As per the report, 371 corporate bankruptcies have been recorded year-to-date, marking the highest total for the first half of any year since 2010. This rising trend reflects growing financial stress across the corporate sector. The data reflects growing pressure across industries as many companies struggle under heavy debt loads. Access to credit is also tightening, with interest rates expected to remain elevated through the summer, based on S&P Global’s projections.
Additionally, S&P Global Market Intelligence notes that consumers, too, are beginning to show signs of strain. A softer job market, persistent inflation, and renewed tariff policies under the Trump administration are all weighing on household budgets.

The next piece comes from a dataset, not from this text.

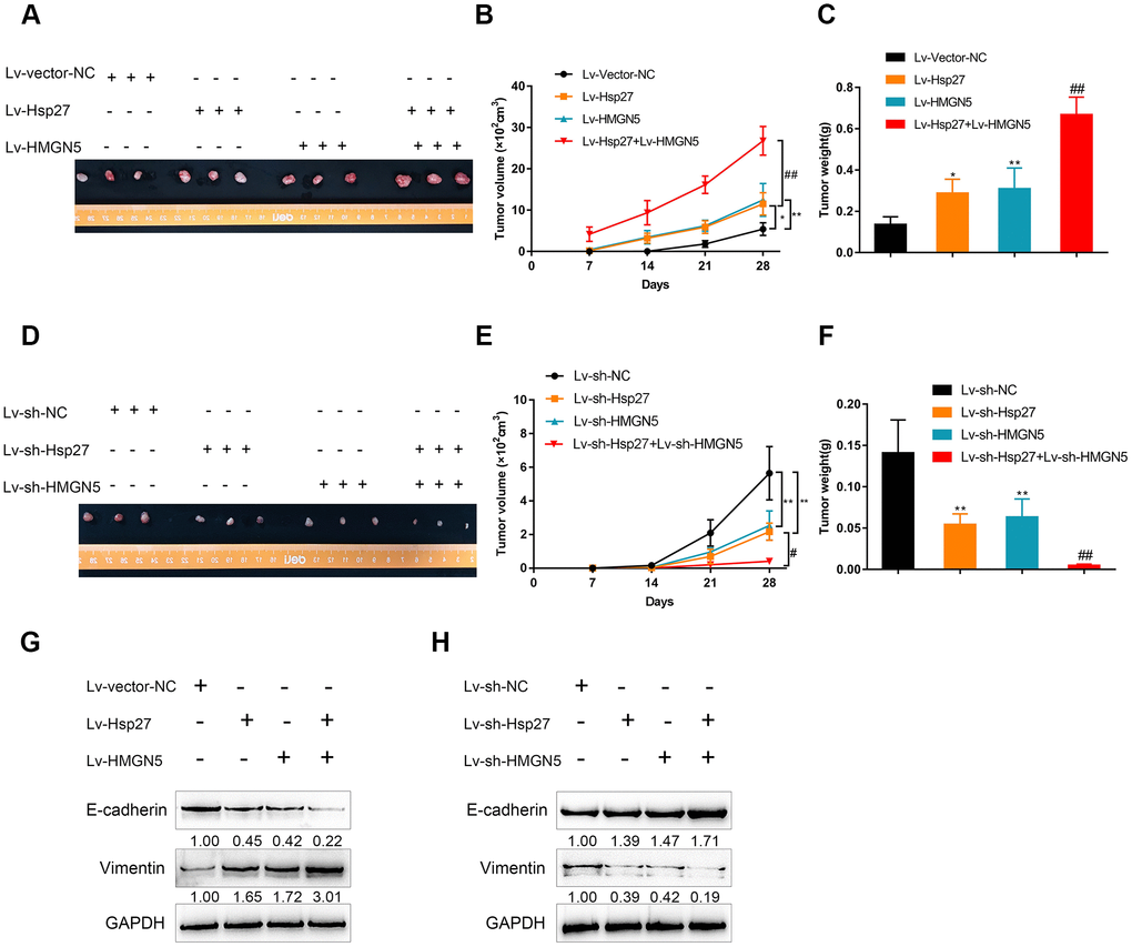 To further validate the above in vitro findings, we established a xenograft model of human bladder cancer in nude mice using HMGN5- and/or Hsp27-overexpressing or silenced J82 cells. Figure 7A shows the appearance of tumors derived from J82 cells with HMGN5- and/or Hsp27-overexpression. As shown in Figure 7B, 7C, HMGN5 or Hsp27 overexpression alone was sufficient to increase the tumor volume and tumor weight, which was further increased by the combination of HMGN5 and Hsp27 overexpression. In contrast, knockdown of Hsp27 or HMGN5 alone clearly decreased restrained the tumor volume and tumor weight, and the inhibitory effect on tumor volume and tumor weight was amplified in the group with combined HMGN5 and Hsp27 silencing (Figure 7D–7F). The protein levels of EMT markers could be increased by either HMGN5 or Hsp27 overexpression, and further increased by the combination of HMGN5 and Hsp27 overexpression (Figure 7G). Conversely, the EMT marker protein levels were inhibited by either HMGN5 or Hsp27 silencing, and further inhibited by the combination of HMGN5 and Hsp27 silencing (Figure 7H). These findings suggest that HMGN5 interacts with Hsp27 to promote tumor growth in a nude mouse model.
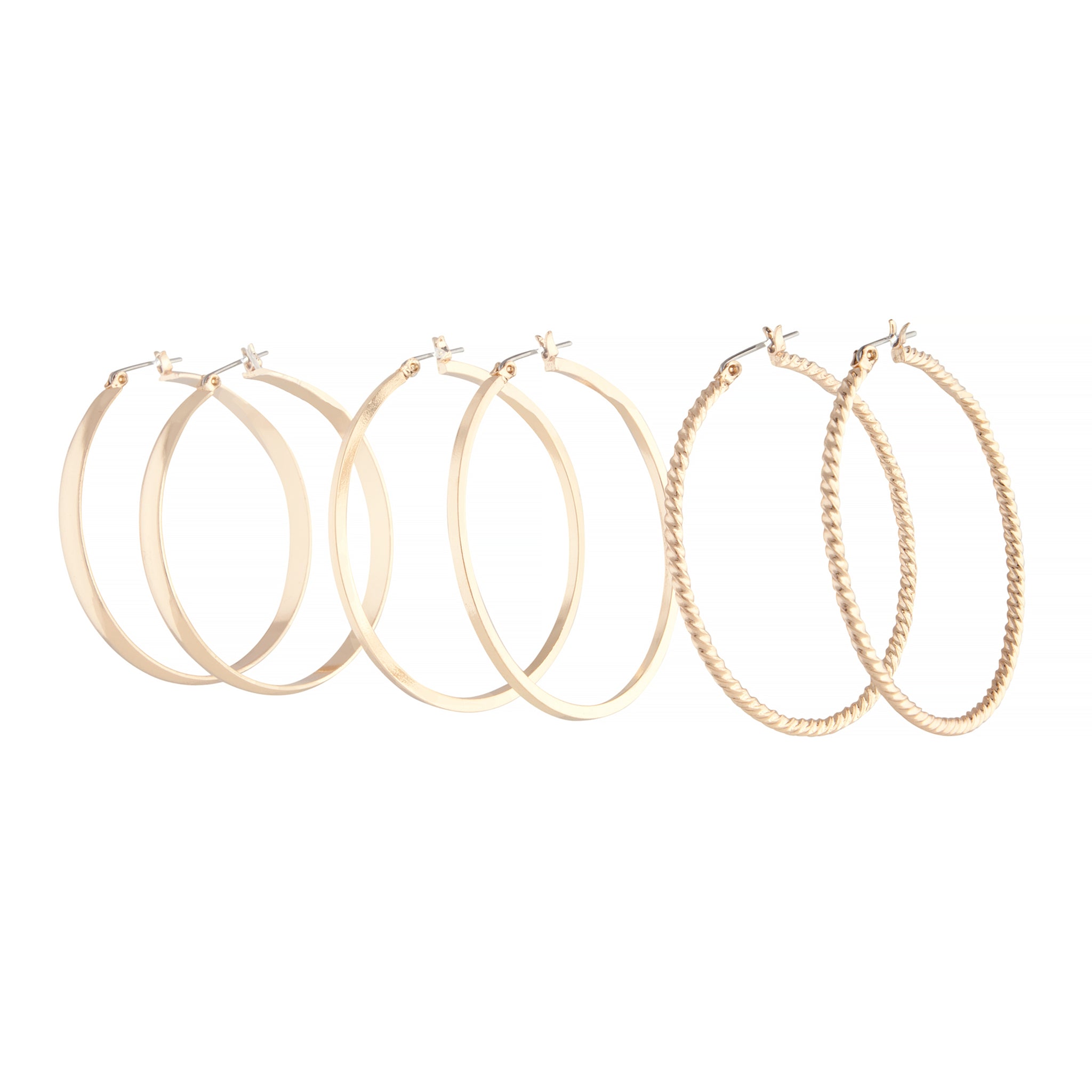 Cover all bases with this set of gold toned hoop earrings. The trio contains a variety of styles to suit your mood.

These headwinds are feeding into weaker corporate revenues, further challenging balance sheets.
Being debt-free isn’t inherently better in every situation, especially for companies with weaker fundamentals. But in today’s environment of high interest rates and uneven growth, companies without debt are often better placed to weather macroeconomic headwinds. Their clean balance sheets offer not just safety, but strategic optionality. And for investors, that kind of resilience is increasingly valuable.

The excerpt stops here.